My router is a netgear DG834G I have no difficluty accessing the wireless network with my laptop that has a netgear wireless card or my own desktop that uses a d-link adaptor however they were all set up at the same time last year when I knew the network key!

All pc's operate windows XP home.

Many thanks in anticipation of someones advise.


----------



## wacky.banana

Why don't you set the reset button on the router so it defaults back to factory settings, then set it up from scratch again with a new key.

You can then save a map of your system and keys somewhere where you can lay hands on if needs be. You could always encrypt your key and keep the encrypted version somewhere.

Hope this helps.

WB


----------



## TerryNet

wacky.banana is correct, but it's even quicker to just assign a new encryption key.

I keep the key in a text file on my desktop of each computer. Nobody else has access to them.


----------



## JohnWill

I tape it to the bottom of the router. If they have physical possession of my router, I suspect my wireless key is the least of my problems!


----------



## Bob Cerelli

Or even hide it as a text file somewhere on the computer.
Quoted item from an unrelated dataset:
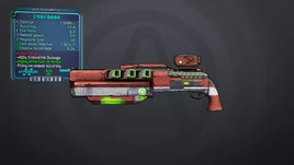 Fresh Meat! – Reduced pellet count. Greatly increased fire rate. Achieves maximum accuracy much more quickly than other Hyperion shotguns. Each time it is fired, there is a random chance for the magazine to be refilled with a random amount of ammunition. Sustained fire increases fire rate. Consumes 1 ammo per shot.

Then you can open it and copy and paste it in. A lot faster that way. The desktop is a bit of an obvious place. Unless having it so open is not a security concern.


----------



## Dombo

Thanks to everyone for their responses, I am not at all familiar with the IT technical side of things and the router was set up by a specialist. Assigning a new encrytion key sounds like a good option, how do I do this?

Dombo


----------



## Bob Cerelli

Check with the instructions that came with the router.
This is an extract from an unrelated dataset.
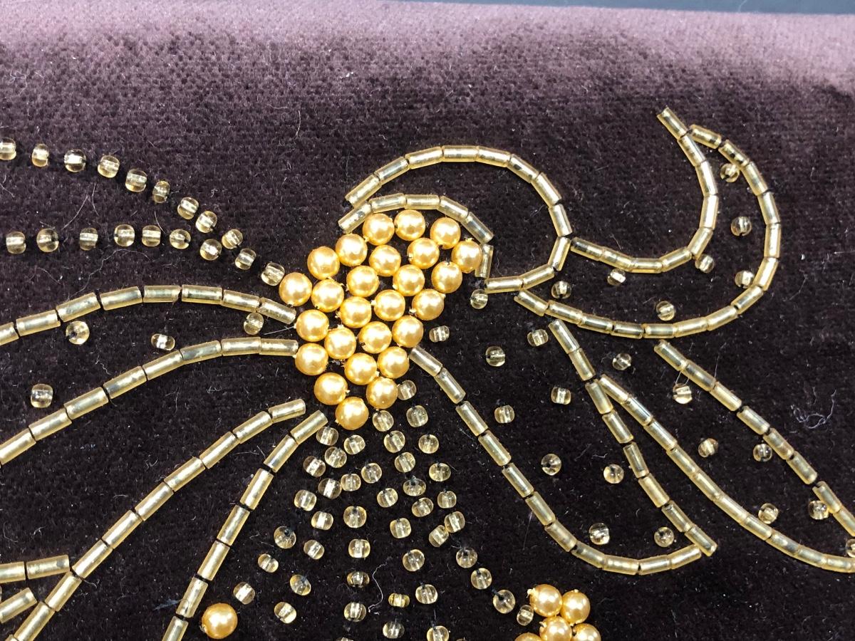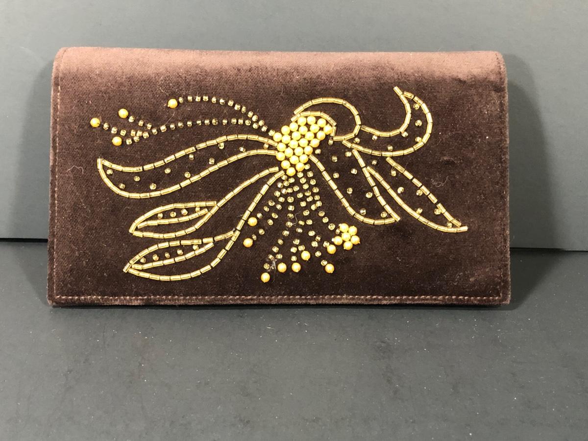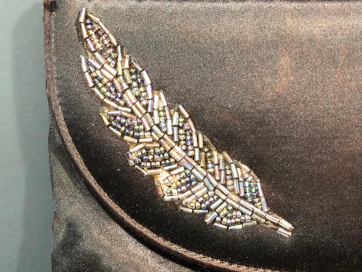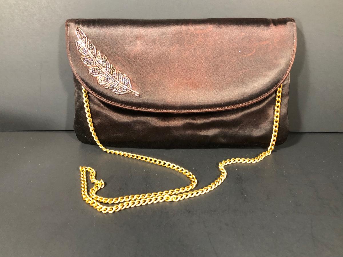 Includes 2 small beaded purses and one cloth clutch. One has a beaded feather and goldtone chain.

Typically you connect to the router from you web browser, go to the Wireless area and at least set up WEP security. Then you would need to enter that same key on the computer. That's where I like to copy and paste to a text file and keep it somewhere I'll remember on the computer.


----------



## Zappattazz

First, go to the Netgear website and do a search of the support section for your model or just click here:

http://kbserver.netgear.com/products/DG834G.asp

You should know which version model you have (this is good for when you want to update the firmware) -- I just typed "reset button" into the search box at top-right of page and clicked "Search Now" button which brought me to this page:

http://kbserver.netgear.com/inquira/default.asp?ui_mode=answer&prior_transaction_id=1812261&action_code=5&highlight_info=16777923,240,251&turl=http%3A%2F%2Fkbserver.netgear.com%2Fkb_web_files%2Fn100651.asp&answer_id=312164913#__highlight

After you've reset the password to something which is "easy for you to remember but difficult for anyone else to guess (combo of upper case letters, lower case letters, numbers, special characters, etc.)", I would suggest securing your network using these methods:

http://kbserver.netgear.com/kb_web_files/n101191.asp


----------



## Dombo

Thanks to everyone for their advise. I managed to log on to the netgear router via control panel and then once I clicked on wireless settings I could see the WEP keys that were set up. I have done as advised and copied them and hidden them securely, and bingo I was able to connect my sons PC to our network. He is one happy 9 year old!


----------



## Bob Cerelli

Good job. Now you have them tucked away in case you need them again.


----------



## jonasdatum

TerryNet said:


> wacky.banana is correct, but it's even quicker to just assign a new encryption key.
> 
> I keep the key in a text file on my desktop of each computer. Nobody else has access to them.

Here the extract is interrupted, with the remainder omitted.